Dr. Zander's research interests include drinking water treatment, treatment process design, membrane systems in environmental separations, life cycle assessment, and industrial ecology. They involve the areas of physical and chemical separations in environmental systems (especially drinking water and wastewater treatment technologies) and how contaminants move in the environment. She discovers new solutions for safe drinking water and for minimal impact of treatment systems on the natural environment. Sustainable solutions to environmental problems require efficient and effective use of energy throughout a systems life cycle, and Dr. Zander studies the life cycle of industrial processes. Because sustainable water treatment systems should be applicable in less developed countries she works with development of appropriate technologies for use without intensive resources.

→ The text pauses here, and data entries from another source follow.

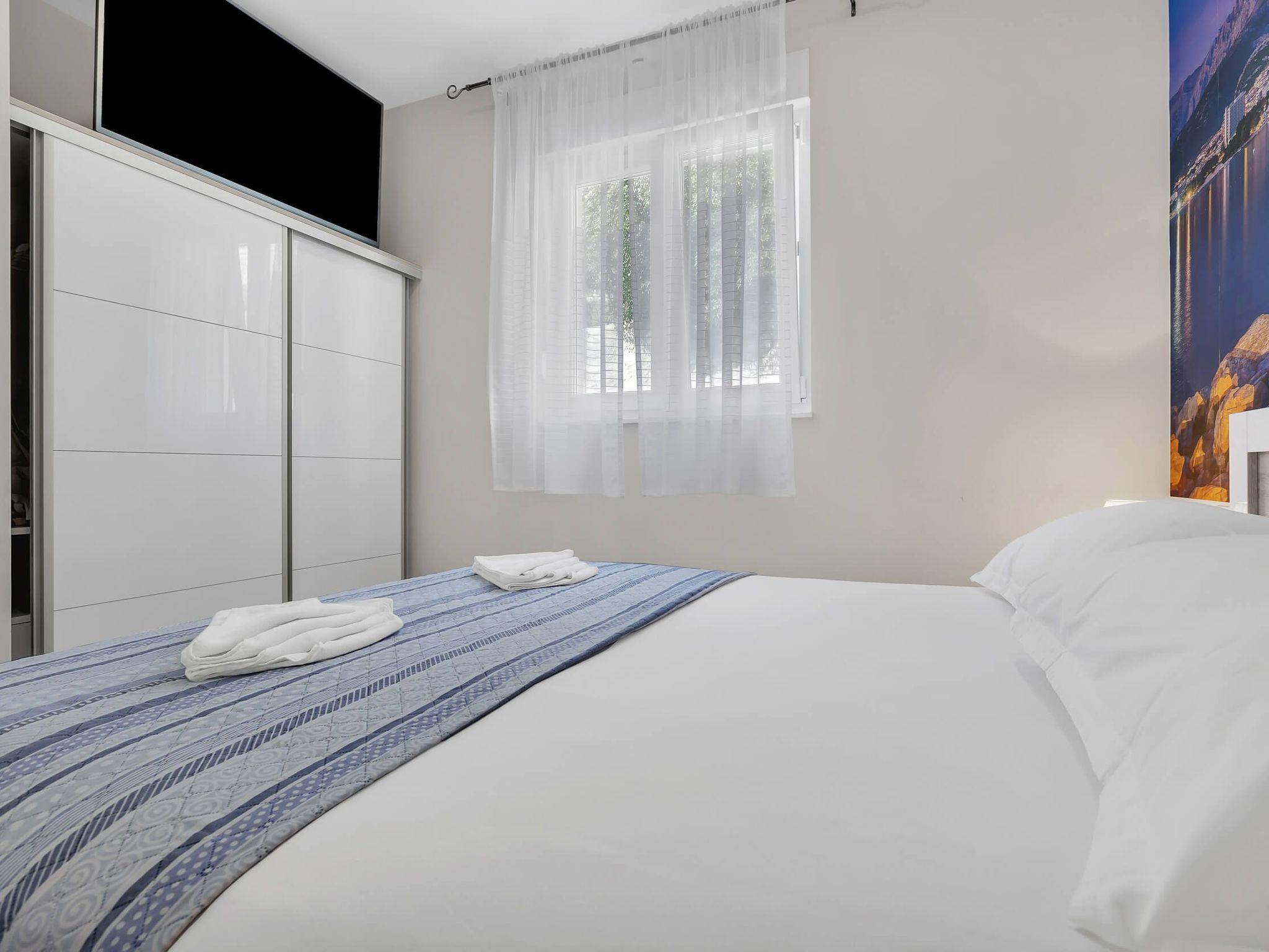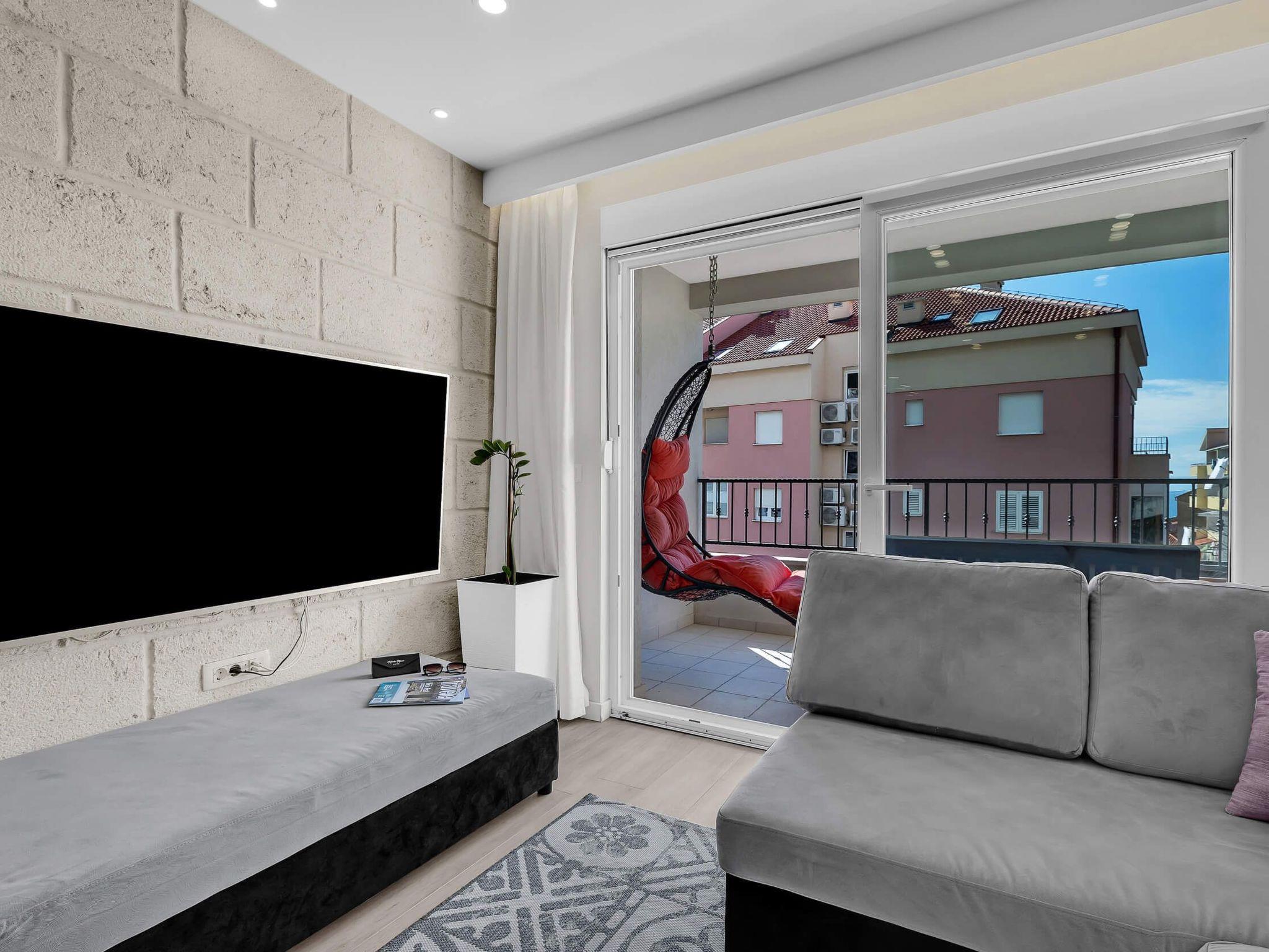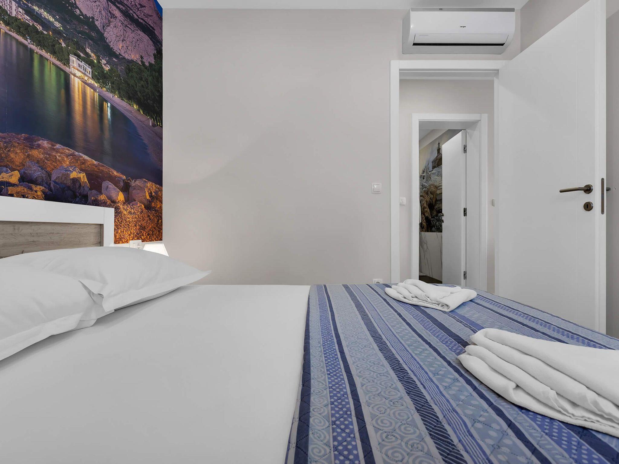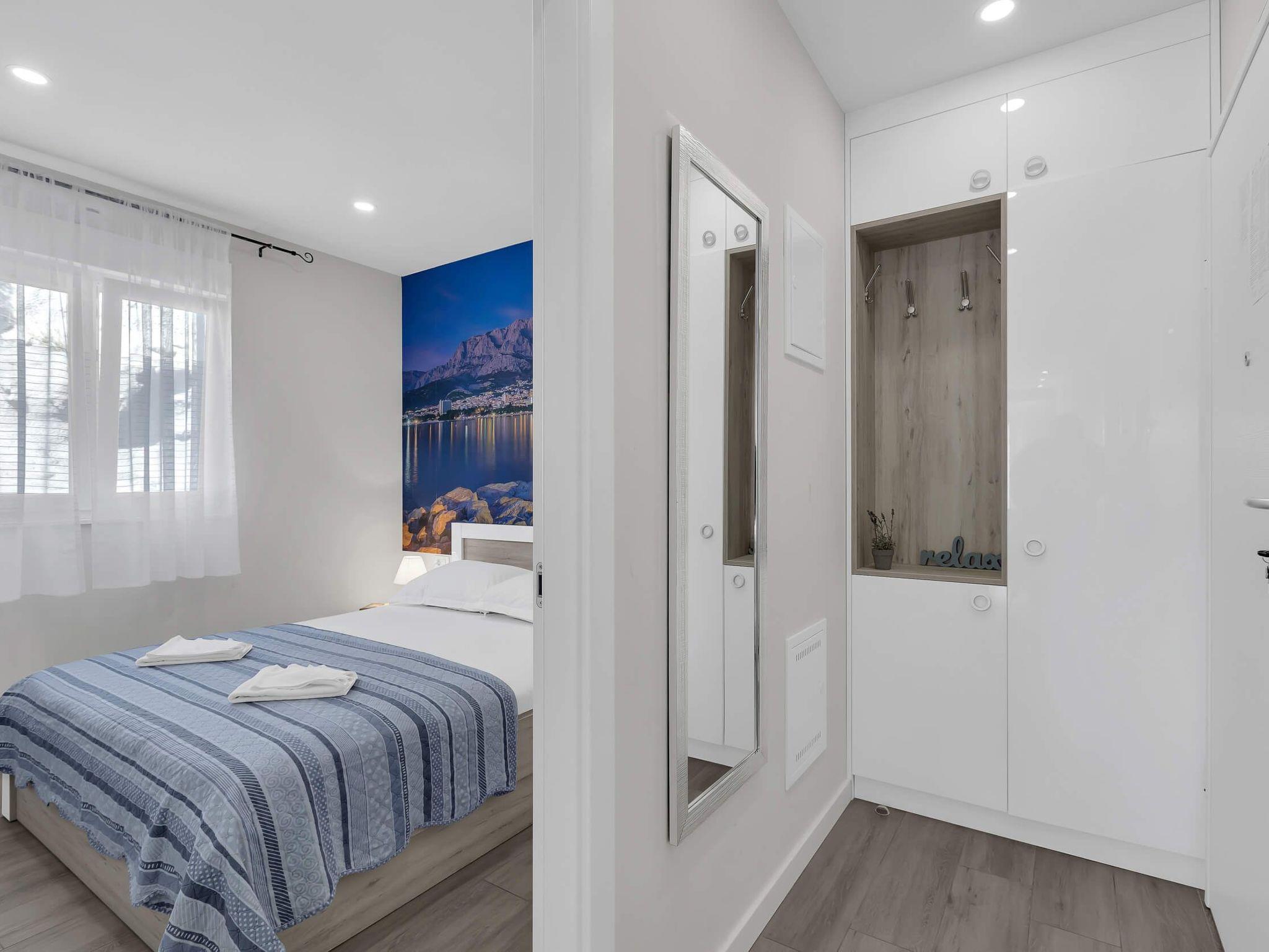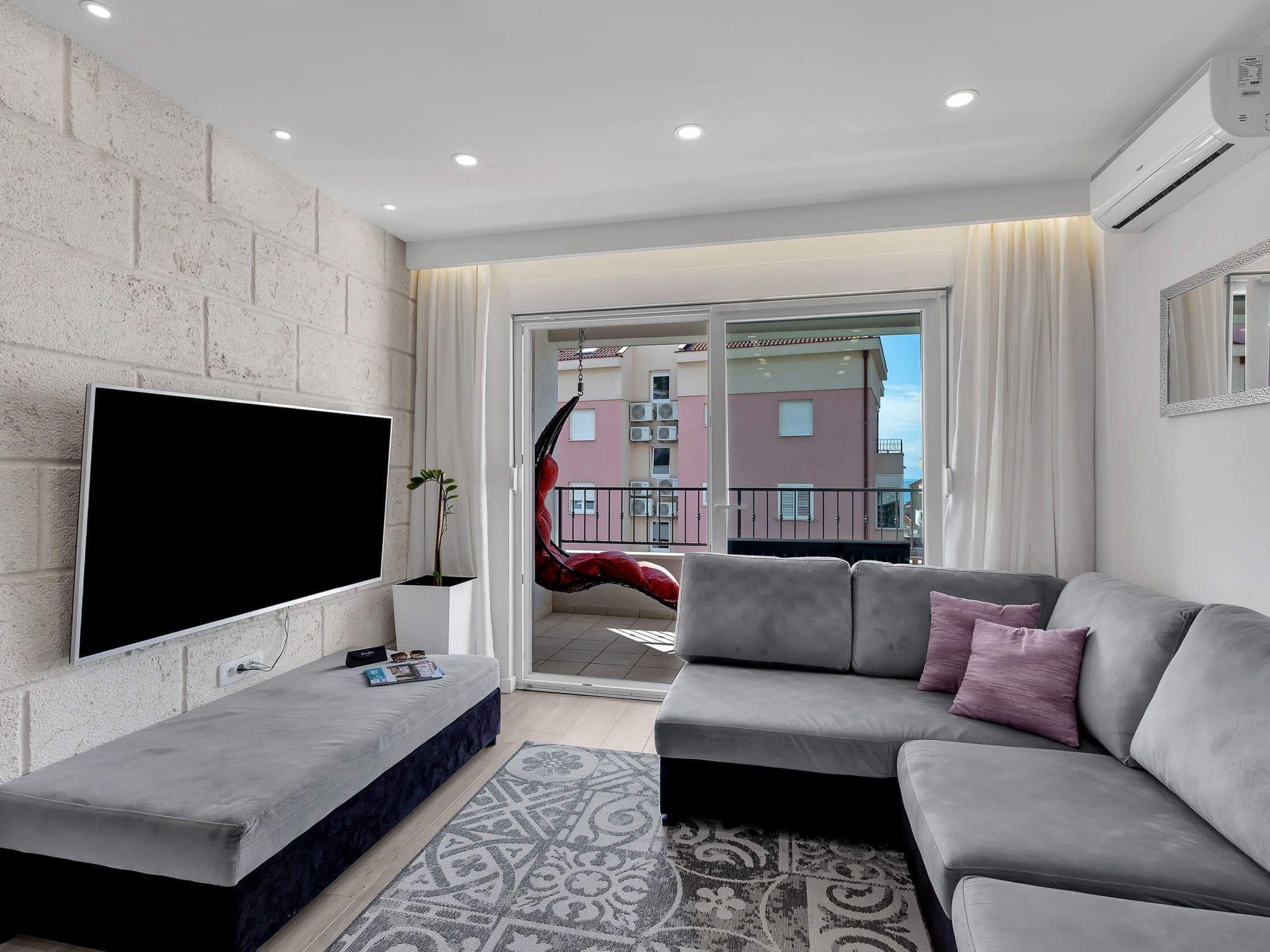 In its modern and sleek kitchen tasteful meals can be prepared. While in this modern apartment don't forget that you are in Makarska, a pearl of Makarska Riviera, or simply remind yourself by looking at amazing panoramic posters. Since the city center is only 300 meters away, get dressed and take a walk along the beautiful Makarska Riva, visit restaurants and shops where You can get a closer feel of his beautiful city.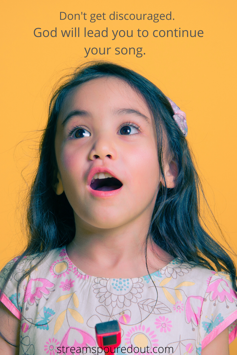 Sing to your Creator, don’t get discouraged when He says rest. He has a plan even when there seems to be no music. God, Himself, will count out the timing and lead you to continue your song.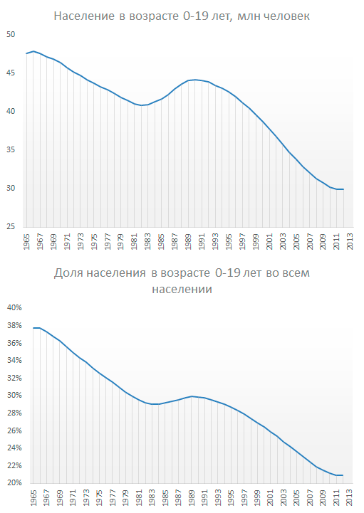 снижения рождаемости, число и доля «детей» в населении, хотя и с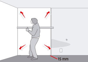 - Poner unas cuñas en el piso de 15 mm para dejar la separación necesaria, apoyar las planchas en las cuñas y levantarlas hacia el muro.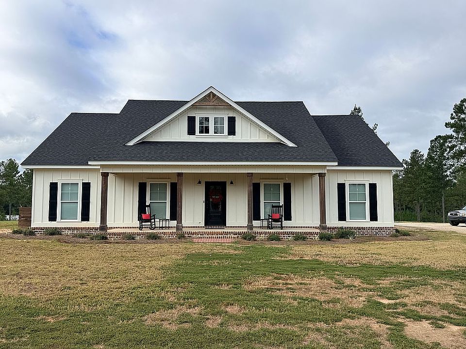 Custom built 3 bedroom, 2 bath home in a beautiful, quiet neighborhood. Built in 2022. The open-concept layout features a spacious kitchen, family room and dining area with granite countertops. Laminate floors throughout the home with quaint shiplap walls in the bathrooms, dining area, and stairway. Bathrooms are subway tile. Upstairs is a large bonus room with an office area and two huge storage rooms on either side. Home is sided with Hardie board and the slab foundation is wrapped with brick. 9 foot ceilings. 2 car carport and spacious front and back porches. 3.67 acre lot.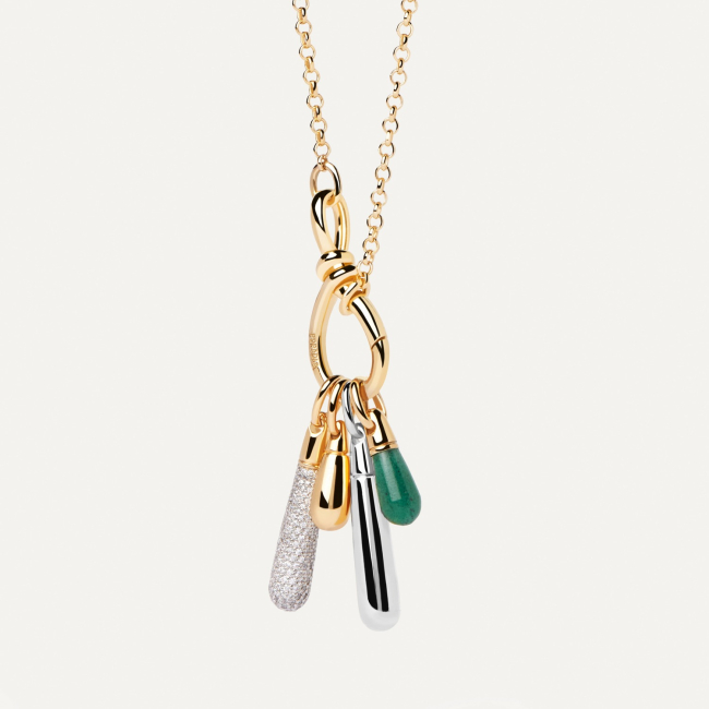 The Icons speak to your individuality and celebrate the art of personalization. Featuring distinctive drop shaped natural gemstones like labradorite and aventurine as well as hand-set pavé, these pieces are the perfect blend of design and craftsmanship. At the core of the collection lies the Drop pendants, a canvas for creativity to stack on hoops or necklaces. Embrace an ever-changing collection and unlock a new jewelry language.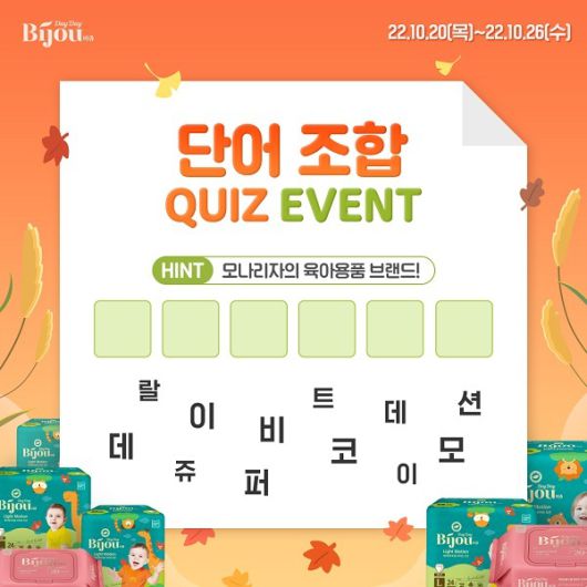 [세계비즈=황지혜 기자] 생활위생 전문 그룹인 MSS 그룹 산하의 모나리자가 오는 26일까지 유아 전문 브랜드 ‘데이데이비쥬(DayDayBijou)’ 공식 인스타그램 채널에서 단어 조합 퀴즈 이벤트를 진행한다고 20일 밝혔다.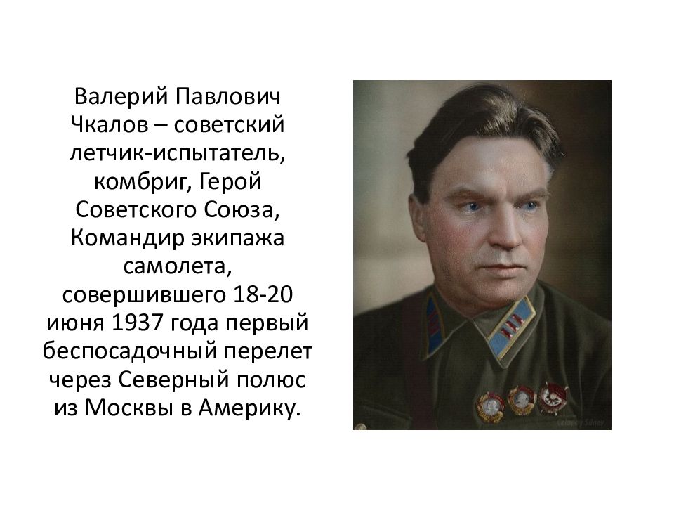 Валерий Павлович Чкалов – советский летчик-испытатель, комбриг, Герой Советского Союза, Командир экипажа самолета, совершившего 18-20 июня 1937 года первый беспосадочный перелет через Северный полюс из Москвы в Америку.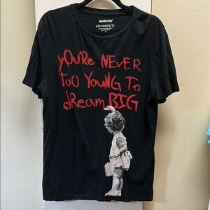 Vibrant graffiti design on a white Dolce & Gabbana t-shirt. Features red, blue, yellow, and black elements.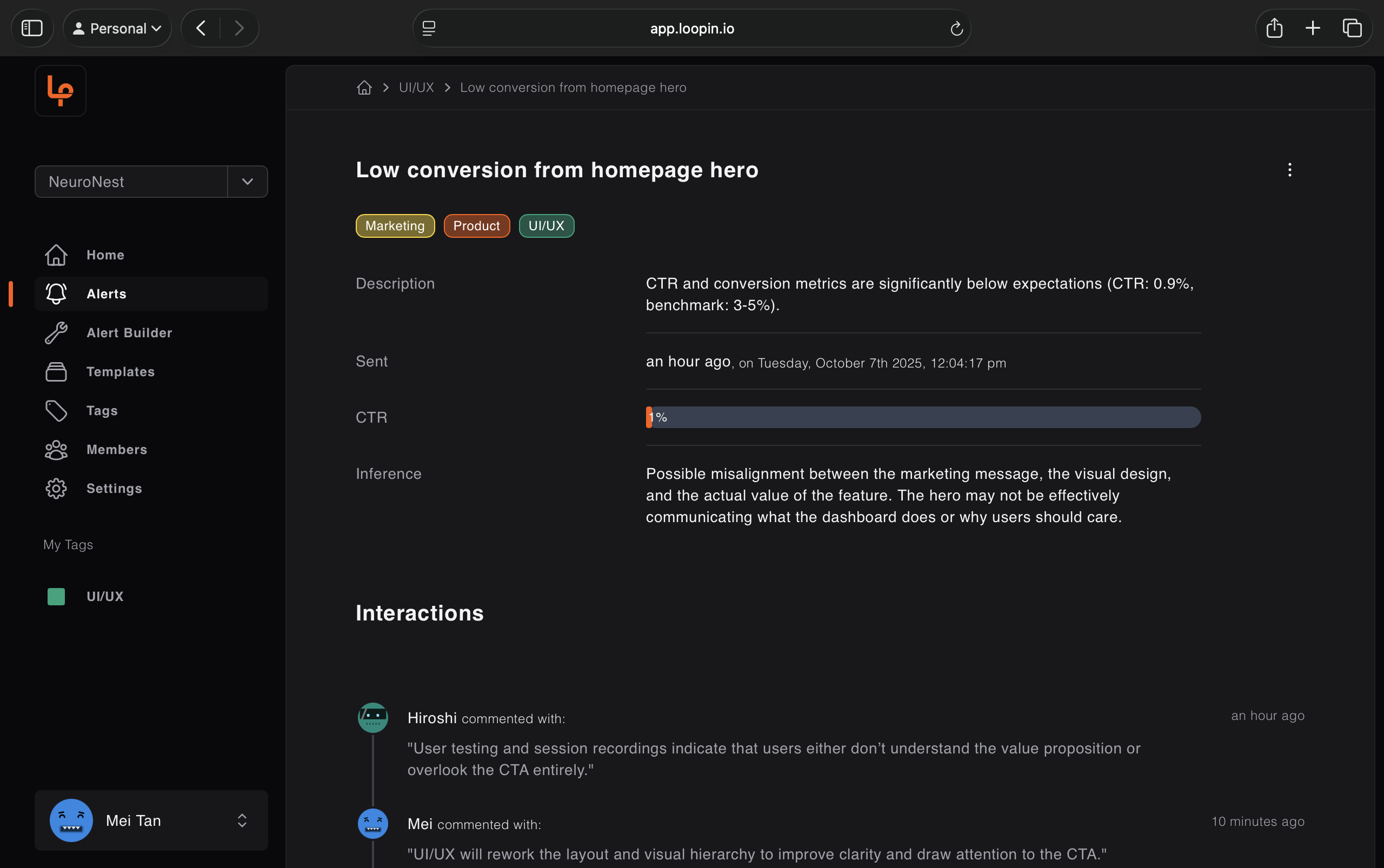 Loopin does more than just alerts. It facilitates simple communication of updates, providing the clarity needed for swift resolution.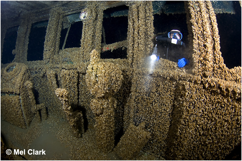 We met our boat Captains Jitka Hanakova, Ron Benson and first mate Lubo Valuch in Manistique Michigan and headed out to the wreck. Erik Foreman, Curt McNamee, Tom Kean and I would be the first team in. Captain Jitka and Ron would be our surface support and safety divers for today’s dive. The mooring line is attached to the port side superstructure behind the bridge and right before the loading crane. We stop to check the mooring line’s integrity before we started out to our targets. The first stop was the ships bell and spotlight. This wreck is now encrusted with zebra muscles. When diving the Carl Bradley keep this in mind as visibility for your pictures or video can be quickly destroyed by a poorly placed fin kick. The ships bell was removed in 2007 by divers and replaced by an honorary bell with the 33 sailors names that were lost that day. The new bell has no zebra mussels on it and looks a bit out of place. On top of the bridge along with the bell you will see a huge spotlight and a radio communication antenna. On each side of the bridge roof section is a wooden plaque with the ships name on it. The names use to be legible but are now completely obscured by zebra muscles. Under the name you can still make out the words pilothouse.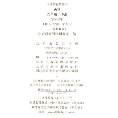 北京版小学英语六年级下册(一年级起点)(适用2023年)

A faculty member at Clarkson since 1991, Dr. Zander became an associate professor in 1997, and was named full professor in 2003. She was the associate dean for Academic Programs in the Wallace H. Coulter School of Engineering 2005 to 2007.

Dr. Zander received her B.S. in biology and M.S. and Ph.D. degrees in civil engineering from the University of Minnesota.

Her honors include the Association of Environmental Engineering and Science Professors (AEESP) Distinguished Service Award in 2005; the 2003 Samuel Arnold Greeley Award from the Environmental and Water Resources Institute, a division of the American Society of Civil Engineers (ASCE), the 2001 Boeing Outstanding Educator Award, the 2000 AEESP/McGraw Hill Award for Outstanding Teaching in Environmental Engineering and Science, Clarkson's 1999 Distinguished Teaching Award, and the 1996 Dow Outstanding New Faculty Award for the Middle Atlantic Section of the American Society for Engineering Education.

Zander has published dozens of journal articles, written and co-written numerous book chapters, and delivered papers at academic conferences throughout North America. She has managed research projects totaling over $800, 000 from the National Science Foundation (NSF), the American Water Works Association Research Foundation, and other funding agencies.

Dr. Zander has served on two prior committees of the National Academy of Sciences, producing the report Safe Water from Every Tap: Improving Water Service to Small Communities in 1997 and Confronting the Nation's Water Problems: The Role of Research in 2004. Dr. Zander served on the National Research Council's Committee on Small Water Supply Systems and on the Committee on Assessment of Water Resources Research.